Exato. Eu não tinha viajado com o filme antes, por causa de outros compromissos. Então não fui a Berlim, a Paris, com o resto da equipe. Em Gramado foi a minha primeira vez, e foi um choque. A reação do público foi maravilhosa. Só tinha ouvido falar, alguém chegava e me dizia “olha, o filme tá muito bonito”, e isso era uma coisa. Agora, ver a reação no rosto de cada um na plateia é algo completamente diferente. Foi muito lindo.
O cinema brasileiro tem dado, nos últimos anos, muita atenção às personagens femininas, com filmes como Flores Raras (2013), Que Horas Ela Volta (2015) e Aquarius (2016). Você acha que Como Nossos Pais se encaixa nessa tendência?
Interessante você reparar nisso. Com certeza, faz todo o sentido, mas não tinha pensado a respeito. E tem tudo a ver, pois não só é um tema fértil, como necessário. Tenho horror a isso de feminismo, não aguento mais. Já estou em outra fase (risos). Penso que agora temos que buscar uma harmonia e partir atrás da descoberta de novos espaços. Mas quando esse assunto é discutido com tanta qualidade, como a Laís (Bodanzky, diretora de Como Nossos Pais) propõe, é um luxo. O problema é que estamos vivendo numa época em que a palavra ‘qualidade’ não existe mais. É um absurdo o que tem sido feito em nosso país, com as artes em geral, é um desrespeito até com o público. Então, quando você tem um filme que trata desse assunto com essa elegância, é tudo de bom.
A tua personagem em Como Nossos Pais é uma mãe que não se submete aos filhos, que foge do estereótipo da ‘Mãe Coragem’, que morre pela família. Ela tem uma nova postura. Como você vê esse exemplo?

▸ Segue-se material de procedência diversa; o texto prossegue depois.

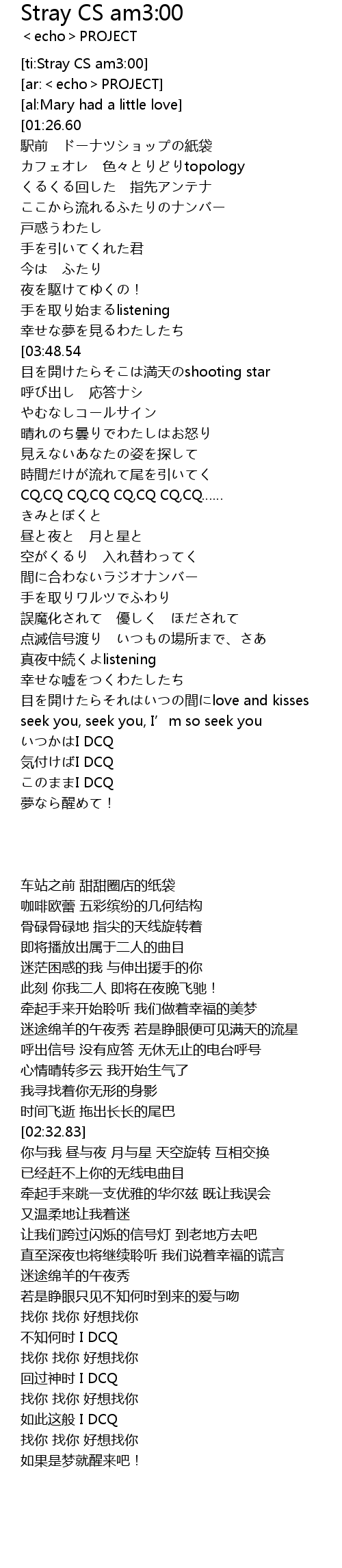 | [01:37.77][03:48.54] | はぐれた羊のmidnight show |
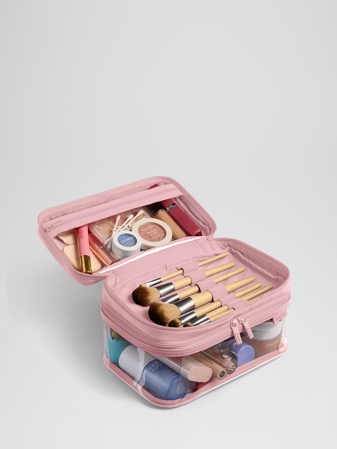 Organize your essentials with water-resistant, spill-proof toiletry bags—easy to pack, easy to access.
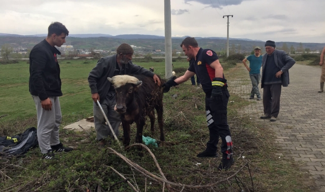 Tokat’ın Erbaa ilçesinde rögara düşen manda yavrusunu itfaiye ekipleri kurtardı.
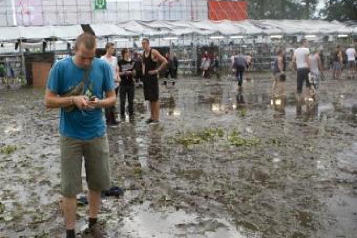 Ураганный ветер, сопровождавшийся ливнем и градом, привел к обрушению конструкций двух сцен и гигантских экранов. Одна из сцен упала на зрителей.
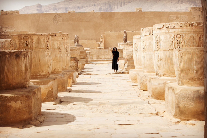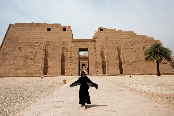 哈布神庙门口的一个埃及妇女帮我包了个正中的阿拉伯头型。原来是这样包的啊。。。从来就没包对过。虽然显脸大 但这样才是正确的好嘛。。
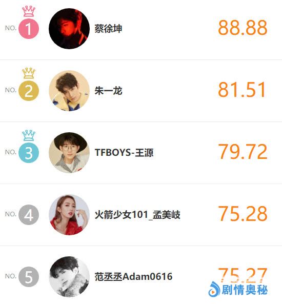 目前势力指数最高的五位娱乐圈明星依次是蔡徐坤、朱一龙、TFBOYS王源、孟美岐、范丞丞,其中排在榜首的蔡徐坤数据存疑,谦逊温和的他排第二,用心演绎小三爷吴邪的朱一龙赢得“小笼包”力挺,此外放出新歌的TFBOYS王源挺进前三,指数上升的孟美岐范丞丞排在第四第五。
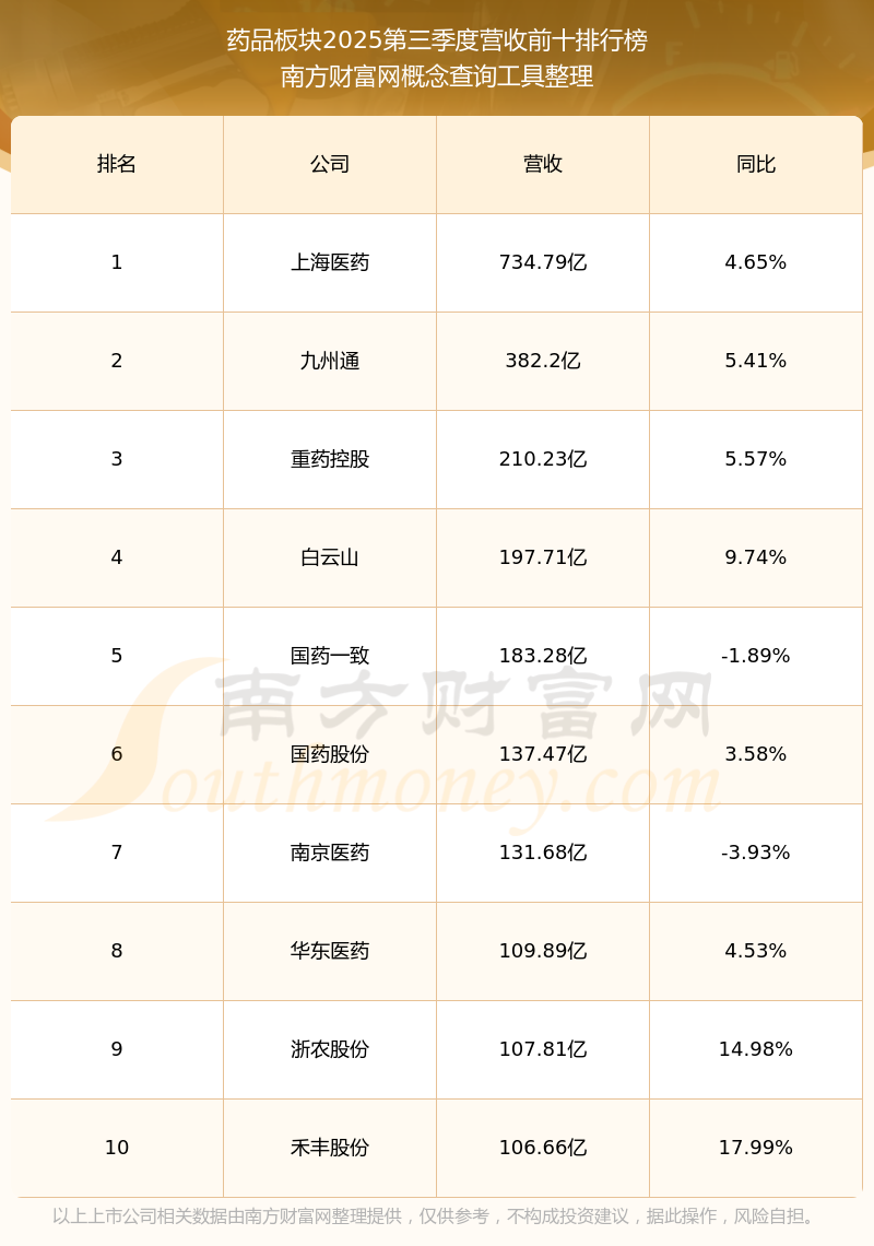 按照南方財富網(wǎng)概念查詢工具統(tǒng)計,該股所屬板塊為藥品板塊,該板塊共有278只股票,神州細(xì)胞2025第三季度營收在該板塊中排名為第278名,該板塊2025第三季度營收排名前十的股票如下表:
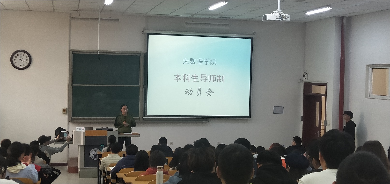 为深入贯彻以学生为中心,促进学生全面发展,激发学生学习兴趣和潜能,增强创新精神和实践能力,充分发挥教师在学生培养中的主导作用和学生的主体作用,建立新型师生关系,全面提升大数据学院的学生培养质量。近日,大数据学院于行思楼B220召开大数据学院2018级本科生导师制动员大会,大数据学院数据科学与技术系主任李东喜、大创项目指导教师刘卫玲、辅导员黎潇锴以及数据科学与大数据技术专业2018级全体学生。
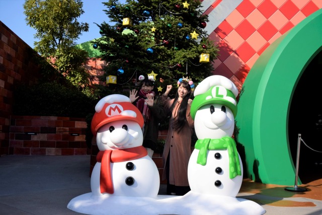 エリアのエントランス「スーパー・スタープラザ」では、ゆきだるまに変身したマリオとルイージと一緒に記念撮影ができる「マリオ&ルイージゆきだるま・フォト・オポチュニティ」2000円を開催。ファンは、ぜひとも写真に収めておきたいスポットです。
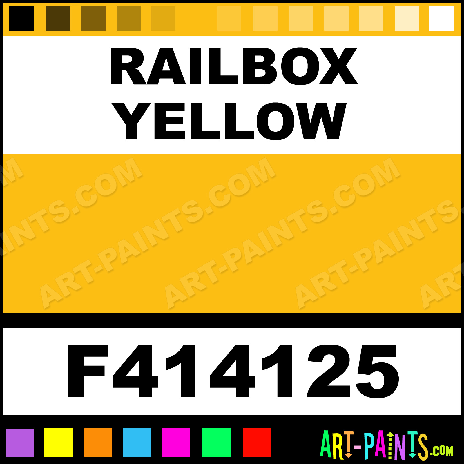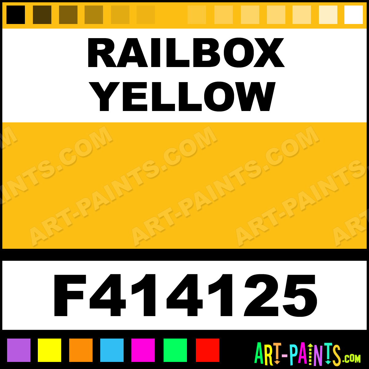 This beautiful Railroad Acrylic shade is called Railbox Yellow, and comes from a company called Floquil. Their product number, along with the HTML color code, RGB, and CMYK codes are listed below. This Beautiful Shade of Railbox Yellow and others can be found in the Floquil Railroad Art Paint Gallery! Also be sure to browse through the other wonderful Professional Color Galleries to see more of Floquil Railroad Acrylic Brand Paints and other Paint Manufacturers. And as always, Paint Paint Paint! -Art-Paints.com
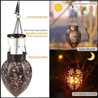 Solar lantern is IP65 waterproof and weather resistant, allowing it to blossom fearlessly without fear of rust or damage. It can stand for different weather, in hot, rain, cold, snow, and frost. It is ideal for outdoor usage without the risk of rust or damage of any type.
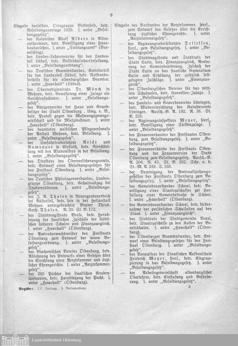 Verhandlungen des ... Allgemeinen Landtags des Großherzogtums Oldenburg / Alphabetisches Register
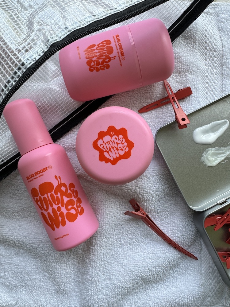 I started off the look with a lifting face massage to chisel her cheekbones and jawline. I always have the hotel bring up an ice bucket, and I keep a face roller in there until we’re ready to use it. I love the Futurewise Slug Boost Hydrating Mist and Slug Cream. Together, they really plump up the skin and create a beautiful base. They also give you a great slip for the face roller. I let them settle for a couple of minutes so her skin wasn’t too wet for the foundation.

Pra dizer a verdade, acho que as pessoas ficaram um pouco nessa questão da força da personagem, e esqueceram que ela não é só aquilo, aquele momento. Ela é uma mulher vivida e sofrida. Passou por um casamento que não deu certo, teve um amante que… nem amante foi, ela mesmo diz, “tive uma trepada com um cara em Cuba”. Ponto. E mesmo assim precisou segurar isso por sei lá quanto tempo. E por mais avançada que ela seja, isso tudo aconteceu em uma outra época, milhões de anos atrás. Então, acho que a força dessa mulher traz junto o preço que as mulheres ainda têm que pagar até hoje, de ter a culpa do mundo nas costas. Por mais forte que ela pareça, ela também se sente culpada. Tem essa filha, que quer defender, mesmo que aos trancos e barrancos, com a personalidade dela. Até porque ser da maneira que ela é não lhe foi fácil.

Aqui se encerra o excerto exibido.